Problem statement: Type out the complete listing below word for word, without its pictures.

Data block:
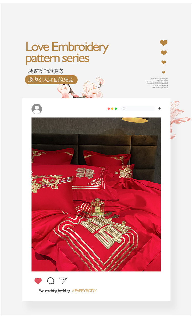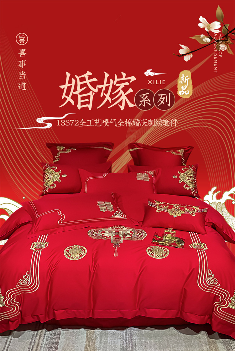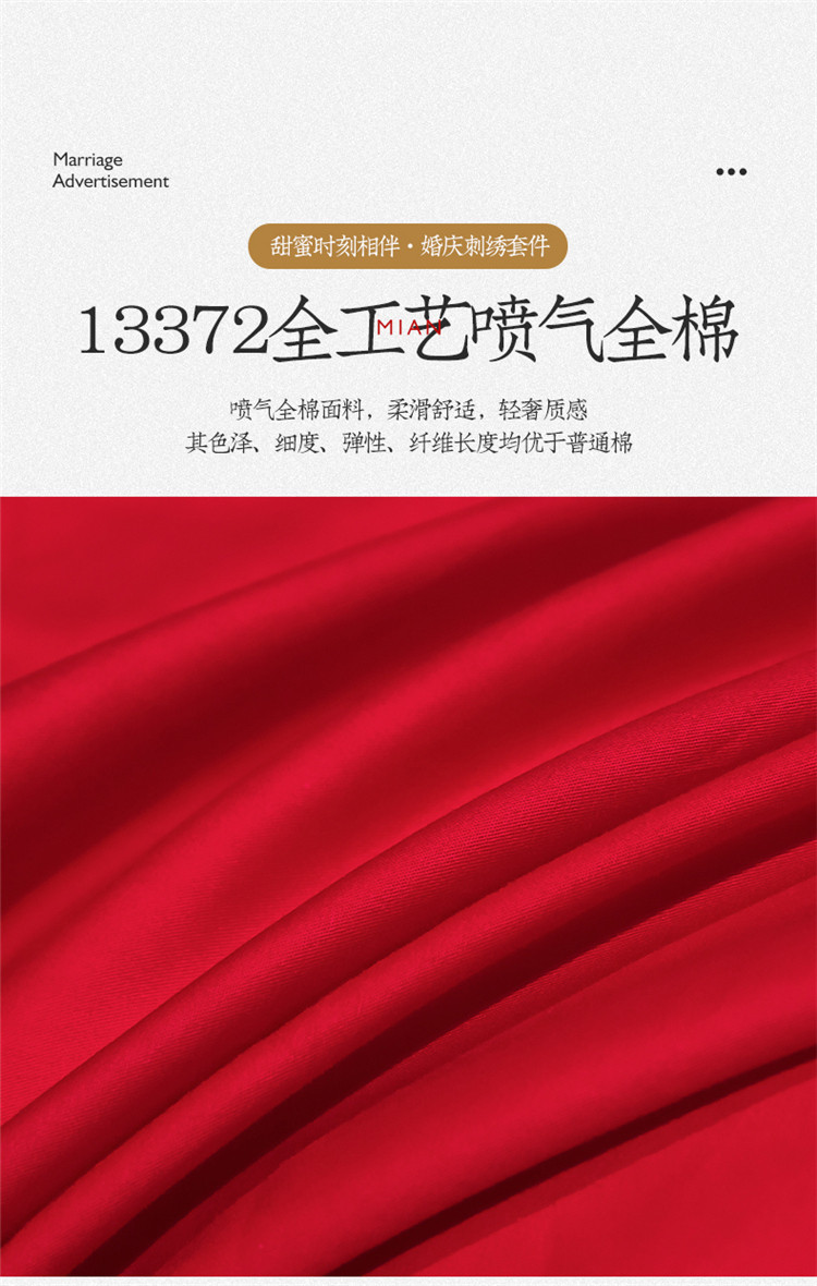 当前位置: 91家纺网 > 商品网购 > 床品套件 > 四件套 > 婚庆四件套 > 千禧 2022新款全工艺喷气全棉婚庆套件 朝朝暮暮
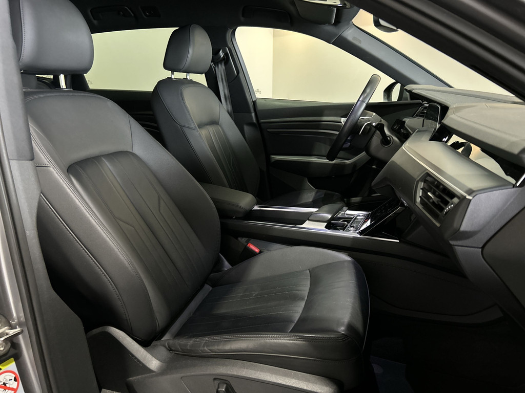 Efficiënte techniek en ongekende dynamiek. Het plezier van elektrisch rijden gaat in deze Audi e-tron samen met een spaarzaam stroomverbruik. Het aantal kilometers dat u op een acculading kunt rijden, is ruimschoots genoeg voor de gangbare dagelijkse ritten, en het opladen kan in de meeste gevallen 's nachts gebeuren. De krachtige motor geeft deze Audi uitstekende prestaties. Klinkers of asfalt? U merkt het verschil niet door de luchtvering. Elke rit in deze Audi e-tron heeft een tikje meer, dankzij het lederen interieur. Tijdens gure dagen is het prettig zitten in de verwarmbare voorstoelen. Met een druk op de knop gaat de elektrische achterklep open. De uitmonstering van deze auto wordt gecompleteerd door onder meer 20 inch lichtmetalen velgen, LED koplampen, adaptief dempingsysteem, warmtewerend glas, in delen neerklapbare achterbank en LED-achterlichten.
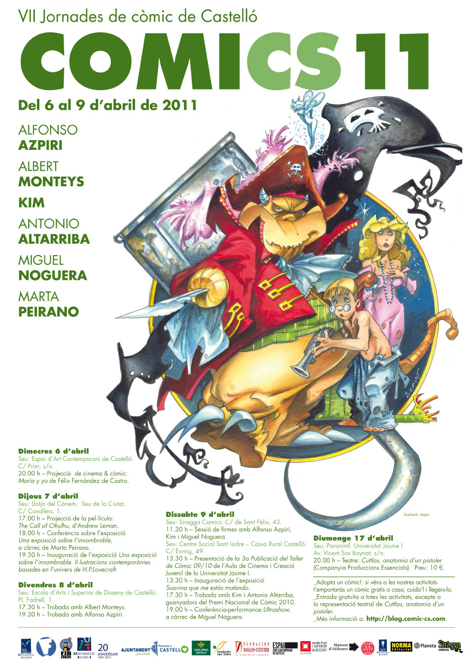 Ciencia ficción, terror, surrealismo y humor. Mucho humor. No hablamos de Castellón en si, aunque lo parezca, sino de las VII Jornadas de Cómic de Castellón, CòmiCS_11 , que este fin de semana llegan a sus platos fuertes con la presencia, este viernes 8 de abril, de dos grandes figuras del tebeo nacional como Azpiri y Monteys, ex director de la revista El Jueves. Después de haber inaugurado ayer jueves en la Llotja del Cànem la interesantísima exposición dedicada al norteamericano Howard Phillips Lovecraft -a quien también se le dedicó una conferencia y una proyección-, considerado uno de los pioneros en los relatos de terror y ciencia ficción de princípios del siglo XX a nível internacional, CòmiCS_11 afronta sus dos últimas jornadas cargado de estimulantes propuestas, desde conferencias y encuentros con los mencionados dibujantes pasando por una nueva exposición de cómics dedicada a la Suavina (si, la popular pomada) y hasta la esperada actuación del performer y humorista Miguel Noguera. Sin hacer mucho ruído, tirando de constancia y criterio, los colectivos Fanzone y Freaks in Black y el Aula de Cinema i Creació Juvenil de la UJI están consolidando una prestigiosa y divertida cita con el mundo del comic que es un auténtico lujo en la agenda local y de la que ya se empieza a hablar fuera de aquí. Con el apoyo de la Universitat Jaume I de Castellón, el Ayuntamiento de Castellón, la Fundación Dávalos-Fletcher, Caja Rural Castellón, el Espai d’Art Contemporani y la Escola d’Art i Superior de Disseny.
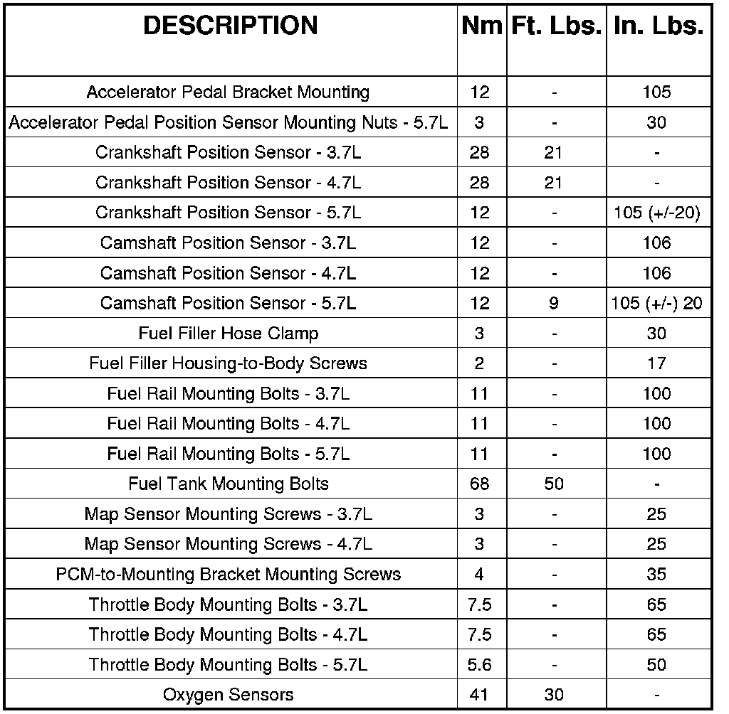 Fuel Delivery Torque Specifications

Output for this task:
 当前位置: 91家纺网 > 商品网购 > 床品套件 > 四件套 > 婚庆四件套 > 千禧 2022新款全工艺喷气全棉婚庆套件 朝朝暮暮
 Efficiënte techniek en ongekende dynamiek. Het plezier van elektrisch rijden gaat in deze Audi e-tron samen met een spaarzaam stroomverbruik. Het aantal kilometers dat u op een acculading kunt rijden, is ruimschoots genoeg voor de gangbare dagelijkse ritten, en het opladen kan in de meeste gevallen 's nachts gebeuren. De krachtige motor geeft deze Audi uitstekende prestaties. Klinkers of asfalt? U merkt het verschil niet door de luchtvering. Elke rit in deze Audi e-tron heeft een tikje meer, dankzij het lederen interieur. Tijdens gure dagen is het prettig zitten in de verwarmbare voorstoelen. Met een druk op de knop gaat de elektrische achterklep open. De uitmonstering van deze auto wordt gecompleteerd door onder meer 20 inch lichtmetalen velgen, LED koplampen, adaptief dempingsysteem, warmtewerend glas, in delen neerklapbare achterbank en LED-achterlichten.
 Ciencia ficción, terror, surrealismo y humor. Mucho humor. No hablamos de Castellón en si, aunque lo parezca, sino de las VII Jornadas de Cómic de Castellón, CòmiCS_11 , que este fin de semana llegan a sus platos fuertes con la presencia, este viernes 8 de abril, de dos grandes figuras del tebeo nacional como Azpiri y Monteys, ex director de la revista El Jueves. Después de haber inaugurado ayer jueves en la Llotja del Cànem la interesantísima exposición dedicada al norteamericano Howard Phillips Lovecraft -a quien también se le dedicó una conferencia y una proyección-, considerado uno de los pioneros en los relatos de terror y ciencia ficción de princípios del siglo XX a nível internacional, CòmiCS_11 afronta sus dos últimas jornadas cargado de estimulantes propuestas, desde conferencias y encuentros con los mencionados dibujantes pasando por una nueva exposición de cómics dedicada a la Suavina (si, la popular pomada) y hasta la esperada actuación del performer y humorista Miguel Noguera. Sin hacer mucho ruído, tirando de constancia y criterio, los colectivos Fanzone y Freaks in Black y el Aula de Cinema i Creació Juvenil de la UJI están consolidando una prestigiosa y divertida cita con el mundo del comic que es un auténtico lujo en la agenda local y de la que ya se empieza a hablar fuera de aquí. Con el apoyo de la Universitat Jaume I de Castellón, el Ayuntamiento de Castellón, la Fundación Dávalos-Fletcher, Caja Rural Castellón, el Espai d’Art Contemporani y la Escola d’Art i Superior de Disseny.
 Fuel Delivery Torque Specifications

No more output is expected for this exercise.